1. a) Aus Art. 3 Abs. 1 GG in Verbindung mit dem in Art. 20 Abs. 3 GG allgemein verankerten Rechtsstaatsprinzip folgt das Gebot einer weitgehenden Angleichung der Situation von Bemittelten und Unbemittelten bei der Verwirklichung des Rechtsschutzes (vgl. BVerfGE 78, 104 <117 f.>; 81, 347 <356>). So darf die "hinreichende Aussicht auf Erfolg" des Rechtsschutzbegehrens im Sinne des § 114 ZPO nicht unter Beantwortung schwieriger, bislang nicht geklärter Rechtsfragen verneint werden. Dadurch würde der unbemittelten Partei im Gegensatz zur bemittelten die Möglichkeit genommen, ihren Rechtsstandpunkt im Hauptsacheverfahren darzustellen und gegebenenfalls von dort aus in die höhere Instanz zu bringen (vgl. BVerfGE 81, 347 <357 ff.>).
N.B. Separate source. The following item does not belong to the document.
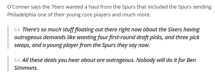 JRS直播网讯 北京时间7月29日,费城76人交易西蒙斯的要价曝光,据名记KevinO'Conner的报道,76人想在西蒙斯交易中得到4个首轮签+3个首轮签互换权+1名年轻球员,这是极其夸张、离谱的,没有球队会为了西蒙斯这样做;76人如此要价直接被马刺拒绝。
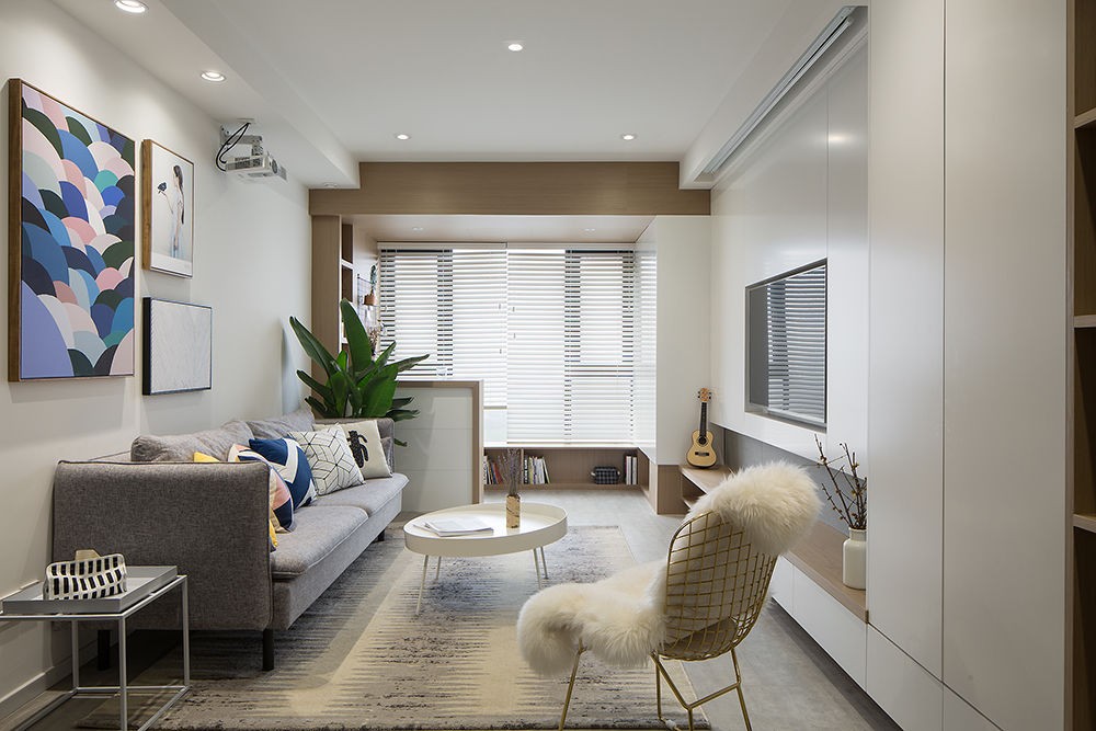 阳台区域划分到室内,给客厅的空间做了加法,阳台的顶面和地面通过木饰面连接起来,也更好的和客餐厅呼应,这样在视觉上扩大了整个客餐厅的空间感。

b) Diese Grundsätze werden durch den angegriffenen Beschluss des Kammergerichts verletzt. Die von der Beschwerdeführerin beabsichtigte Klage auf Schadenersatz wirft schwierige, bislang nicht geklärte Rechtsfragen auf. Nach der maßgeblichen Rechtsauffassung des Kammergerichts wäre ein vertraglicher Schadenersatzanspruch nicht verjährt, wenn der Fristlauf nicht gemäß § 475 Nr. 3 ZGB bereits mit der objektiv bestehenden Möglichkeit der Geltendmachung des Anspruchs begonnen hätte, sondern in analoger Anwendung des § 475 Nr. 2 Satz 1 ZGB erst mit Erlangung der Kenntnis von Schaden und Schädiger durch die Beschwerdeführerin. Der Bundesgerichtshof hat in einem Urteil vom 3. Mai 1994 offen gelassen, ob § 475 Nr. 2 Satz 1 ZGB auf vertragliche Schadenersatzansprüche wegen Gesundheitsschäden analog anzuwenden ist, wie dies in der Rechtsliteratur der ehemaligen DDR erwogen wurde (vgl. BGHZ 126, 87 <96>). Diese schwierige Rechtsfrage ist danach in der höchstrichterlichen Rechtsprechung noch nicht geklärt. Wie sie zu entscheiden ist, muss dem Verfahren in der Hauptsache vorbehalten bleiben. Daher durfte das Kammergericht diese Rechtsfrage nicht im Prozesskostenhilfeverfahren entscheiden.

Von einer weiteren Begründung wird abgesehen.

2. Die Entscheidung über die Erstattung der notwendigen Auslagen der Beschwerdeführerin folgt aus § 34 a Abs. 2 BVerfGG.

Diese Entscheidung ist unanfechtbar.